ISTA vs FISTA, 5000 iterations

Note the non-monotonic convergence in FISTA’s case – [Beck09b, Teboulle10] describe a simple change to the algorithm to fix that. Another interesting problem with FISTA is the dependence on the worst-case smoothness parameter β in the algorithm, which can substantially reduce convergence rate for large β. This is addressed in [Katya14] using a backtracking strategy that  to improve the dependence from worst-case to average “local composite Lipschitz constant for ∇f”, which can have a much smaller value, implying a larger step size.

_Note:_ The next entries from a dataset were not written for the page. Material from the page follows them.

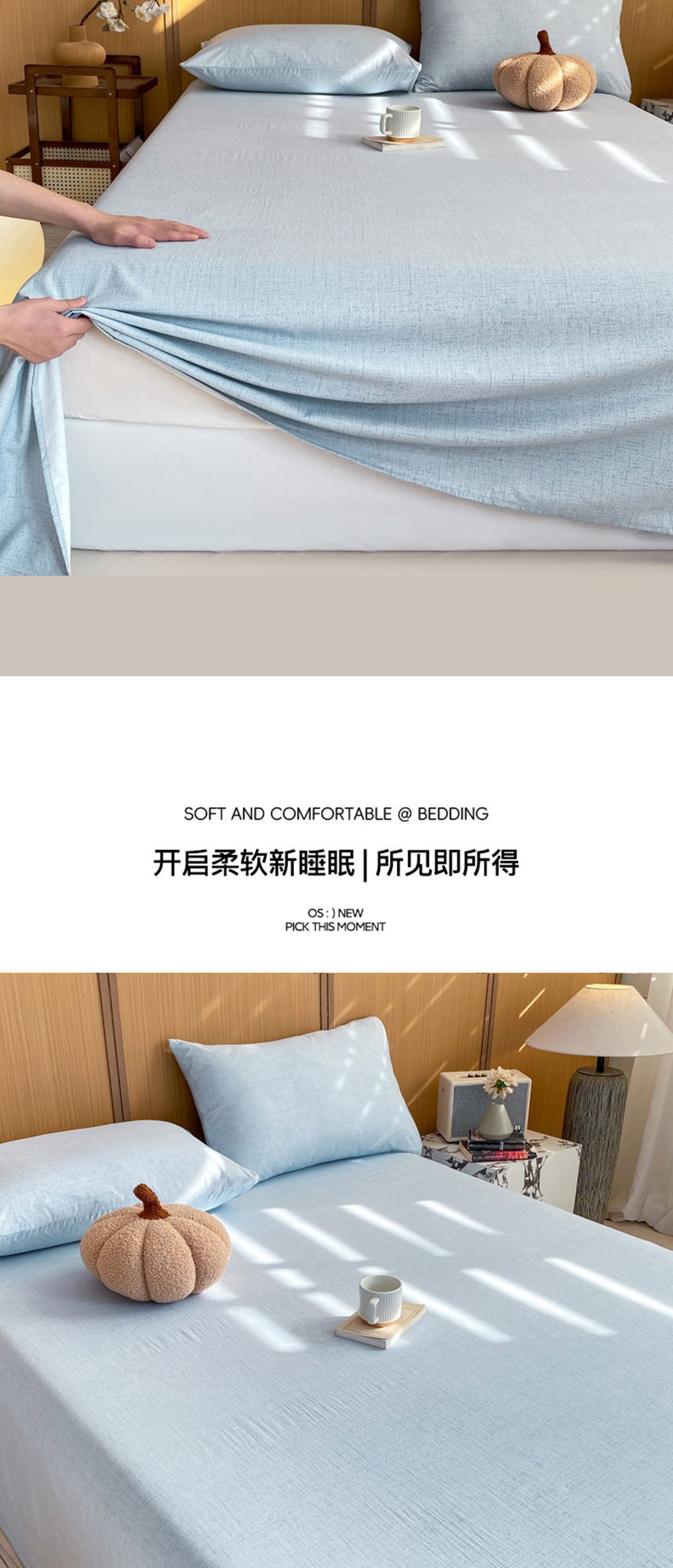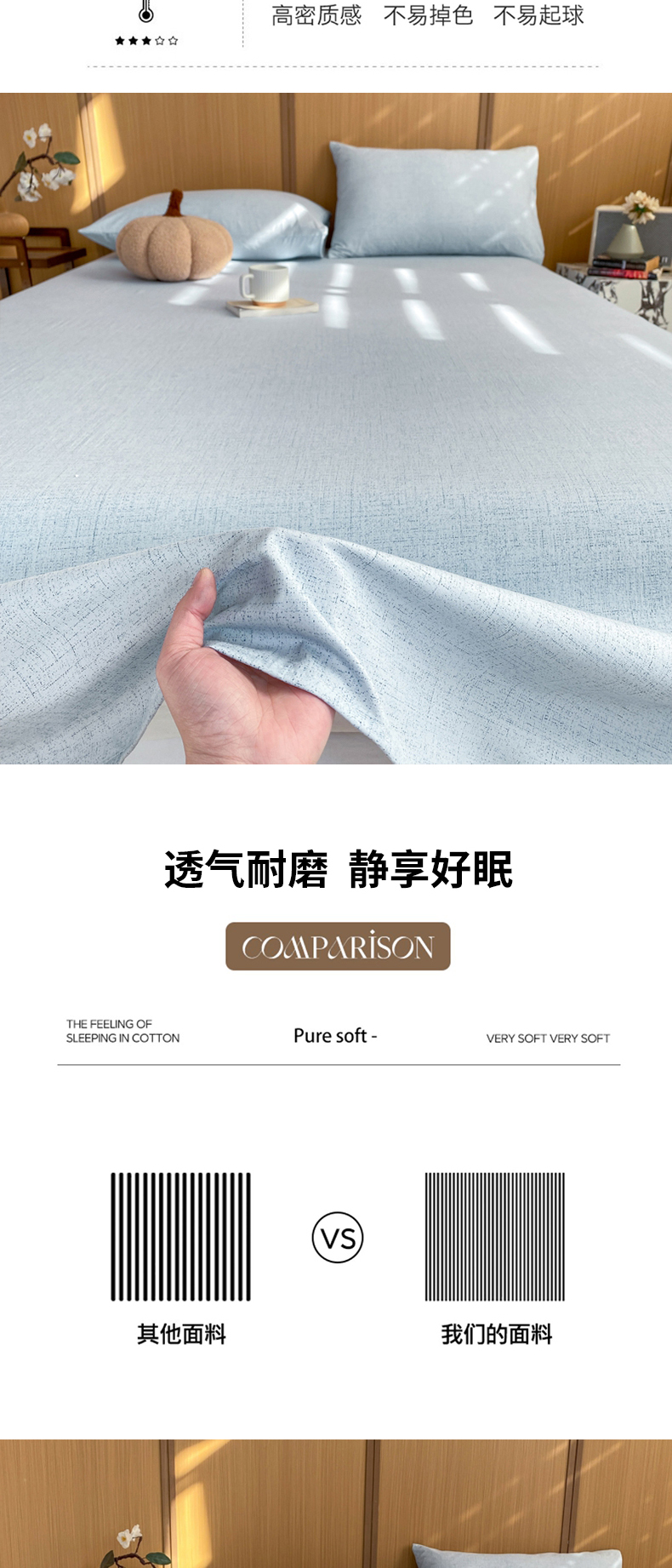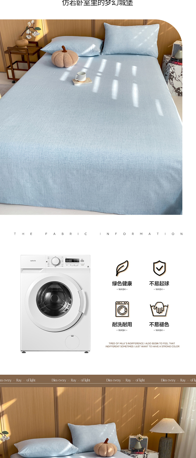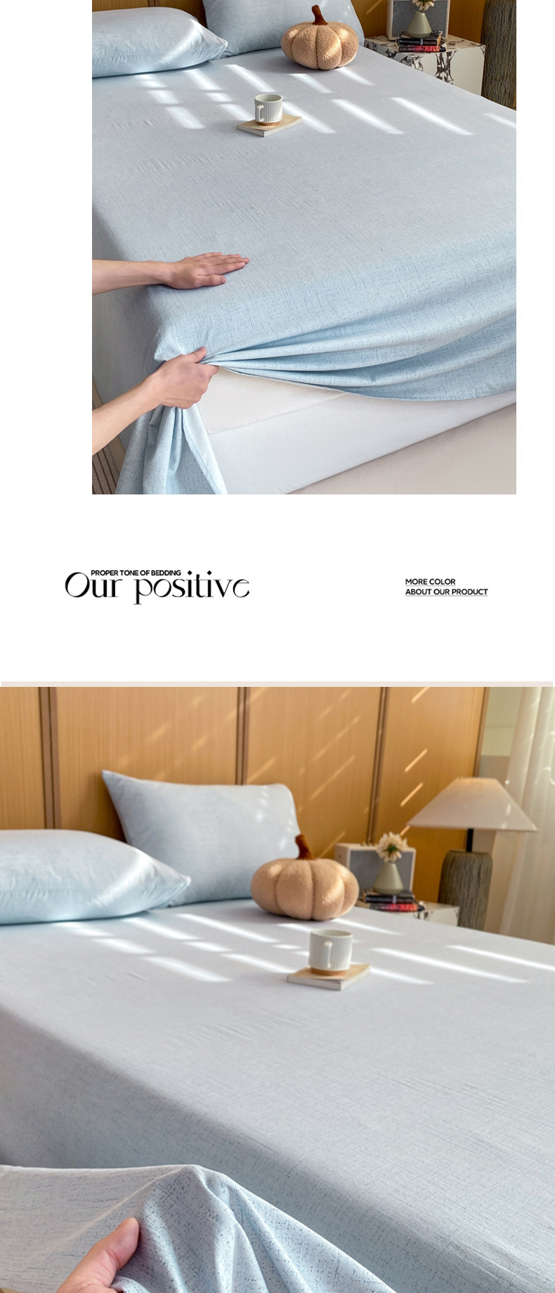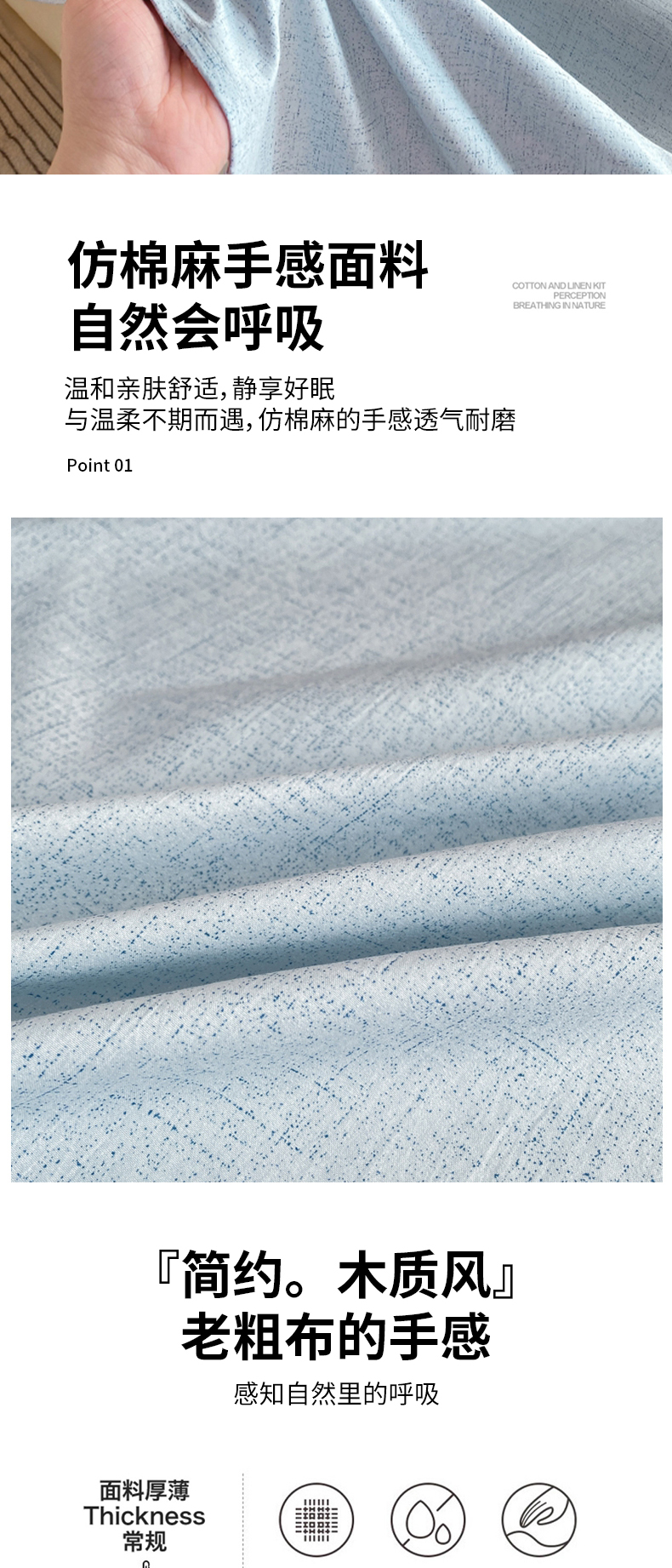 商品名称:麒东家纺 2026年新款古棉麻单床单 天蓝
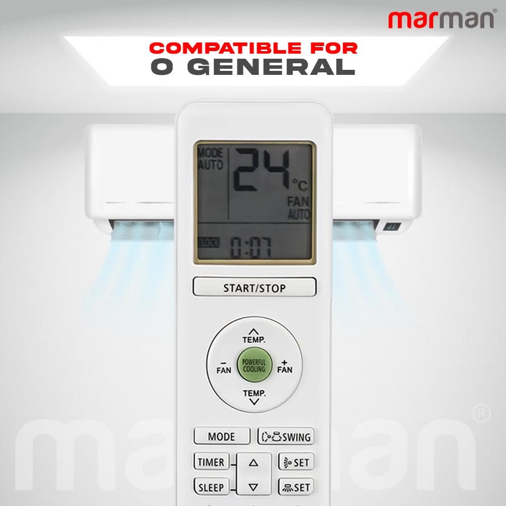 marman® Compatible O General AC Remote Original AR-RHA2E Model Suitable for 1 |1.5 | 2 | Ton Split and Window Air Conditioner – Match Exactly with Old Model 203 Remote Control
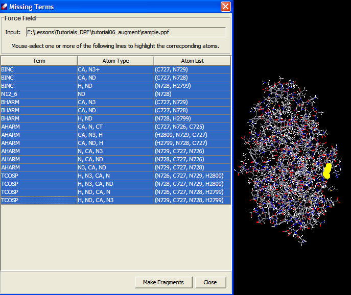 A key issue about the extensibility is to identify parameterization molecules. The following screenshot shows missing terms and corresponding fragment (highlighted) in the model:
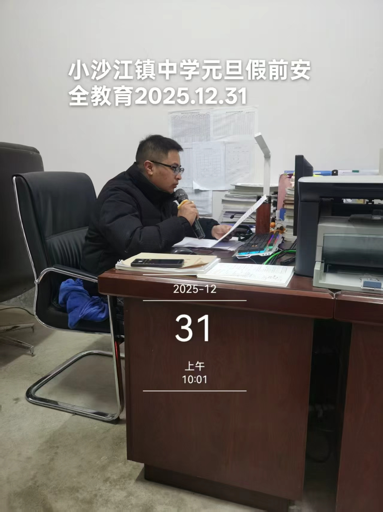 ——小沙江镇中学开展元旦假前安全教育广播宣讲 湖南教育网 邵阳讯(通讯员:谭黎 伍澜涛)12月31日上午,小沙江镇中学通过校园广播开展元旦假期集中安全教育,因天气影响,教育形式由室外集会调整为室内广播宣讲。政教罗校长担任主讲,全体学生在班级内同步收听。
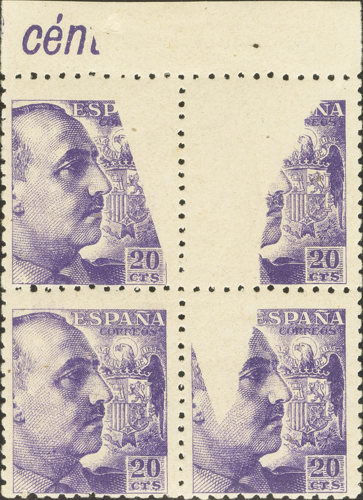 ★★ 922(4). 1939. 20 cts violet, block of four. Three PARTIAL PRINTING variety stamps, caused by the inclusion of paper. MAGNIFICENT.

Another solution is presented in [Baes12].

Recall that ISTA, and hence FISTA, solve the following optimization problems:

$\min{(\frac{1}{2}||Ax - b||^2 + \lambda ||x||)}$

FISTA works for non-smooth objectives as long as they can be formulated as the sum of a smooth and a non-smooth function [Section 2, Beck09; Section 3, Tseng08]. Are there efficient first-order algorithms for a larger class of non-smooth problems?

NESTA

NESTA [Becker09] solves the following optimization problem that FISTA cannot since the objective function is non-composite non-smooth:

$\min{||x||_1} \\ ||Ax - b||_2 \le \epsilon$

This algorithm draws on [Nesterov05], which introduces a way to create smooth approximations of certain non-smooth function. This approximation, coupled with an accelerated gradient descent method, gives good convergence for optimizing a large class of non-smooth functions (though not as good as FISTA or Nesterov07). We’ll review [Nesterov05] via [Becker09] before returning to NESTA.

Smoothing non-smooth functions

Nesterov considers a class of functions that can be represented as [Section 2, Nesterov05; Section 2, Becker09; Nesterov08]

$\max_{u \in Q_d}\{(Ax - b)^{T}u - \phi{(u)}\}$

where φ(u) is a convex function and Qd is the dual domain (convex, closed) of a function f(x) minimized over a domain Qp. The representation is similar to the convex conjugate, f*(u), of this function. Indeed Nesterov considers using φ(u) = f*(u), but then argues that such φ(u) might not be a simple enough function. This might be true in general, but as we’ll see that in the special case of L1 regularization, φ(u) = f*(u) will work.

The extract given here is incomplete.